SFC devices MAY perform various forms of verification on received
NSH packets such as only accepting NSH packets from expected
devices, checking that NSH SPI and SI values received from
expected devices conform to expected values and so on.
Implementation of these additional checks are a local matter and,
thus, out of scope of this document.

NSH Base and Service Path Headers

Attackers who can modify packets within the operator's network may
be able to modify the SFP, path position, and/or the metadata
associated with a packet.

One specific concern is an attack in which a malicious
modification of the SPI/SI results in an alteration of the path to
avoid security devices. The options discussed in this section
help thwart that attack, and so does the use of the optional
"Proof of Transit" method [PROOF-OF-TRANSIT].

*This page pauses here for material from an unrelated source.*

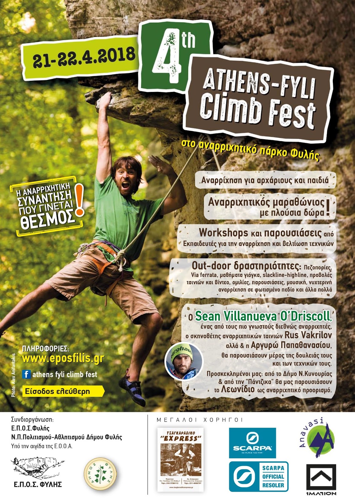 ΔΕΛΤΙΟ ΤΥΠΟΥ – Ο Αθλητικός και Πολιτιστικός Οργανισμός του Δήμου Φυλής (ΝΠΔΔ ΠΑΡΝΗΘΑ) και το αθλητικό σωματείο ΕΠΟΣ ΦΥΛΗΣ διοργανώνουν, για 4η συνεχόμενη χρονιά, το Φεστιβάλ Αναρρίχησης, στην είσοδο της Φυλής (Πλάτωσι), το Σαββατοκύριακο 21 και 22 Απριλίου 2018.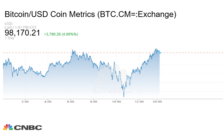 وعادت العملة المشفرة الأكبر من حيث القيمة السوقية إلى مستويات فوق 98 ألف دولار في أحدث تعاملات يوم الخميس 21 نوفمبر/ تشرين الثاني، وذلك بعد تجاوز هذا المستوى للمرة الأولى على الإطلاق في وقت سابق من اليوم قبل أن تقلص مكاسبها إلى أقل من 97 ألف دولار.

As stated above, SFC devices are trusted; in the case where an SFC
device is compromised, NSH integrity protection would be subject
to forging (in many cases) as well.

NSH itself does not mandate protocol-specific integrity
protection. However, if an operator deems protection is required,
several options are viable:

1. SFF/SF NSH verification

Although, strictly speaking, not integrity protection, some of
the techniques mentioned above, such as checking expected NSH
values are received from expected SFC device(s), can provide a
form of verification without incurring the burden of a full-
fledged integrity-protection deployment.

2. Transport Security

NSH is always encapsulated by an outer transport encapsulation
as detailed in Section 4 of this specification, and as
depicted in Figure 1. If an operator deems cryptographic
integrity protection necessary due to their risk analysis,
then an outer transport encapsulation that provides such
protection [RFC6071], such as IPsec, MUST be used.

Quinn, et al. Standards Track [Page 29]

RFC 8300 Network Service Header (NSH) January 2018

Although the threat model and recommendations of Section 5 of
BCP 72 [RFC3552] would normally require cryptographic data
origin authentication for the header, this document does not
mandate such mechanisms in order to reflect the operational
and technical realities of deployment.

Given that NSH is transport independent, as mentioned above, a
secure transport, such as IPsec can be used for carry NSH.
IPsec can be used either alone or in conjunction with other
transport encapsulation protocols, in turn, encapsulating NSH.

Operators MUST ensure the selected transport encapsulation
protocol can be supported by the transport encapsulation/
underlay of all relevant network segments as well as SFFs,
SFs, and SFC Proxies in the service path.

If connectivity between SFC-enabled devices traverses the
public Internet, then such connectivity MUST be secured at the
transport encapsulation layer. IPsec is an example of such a
transport.

3. NSH Variable Header-Based Integrity

Lastly, NSH MD Type 2 provides, via variable-length headers,
the ability to append cryptographic integrity protection to
the NSH packet. The implementation of such a scheme is
outside the scope of this document.

NSH metadata

As with the Base and Service Path Headers, if an operator deems
cryptographic integrity protection needed, then an existing,
standard transport protocol MUST be used since the integrity
protection applies to entire encapsulated NSH packets. As
mentioned above, a risk assessment that deems data-plane traffic
subject to tampering will apply not only to NSH but to the
transport information; therefore, the use of a secure transport is
likely needed already to protect the entire stack.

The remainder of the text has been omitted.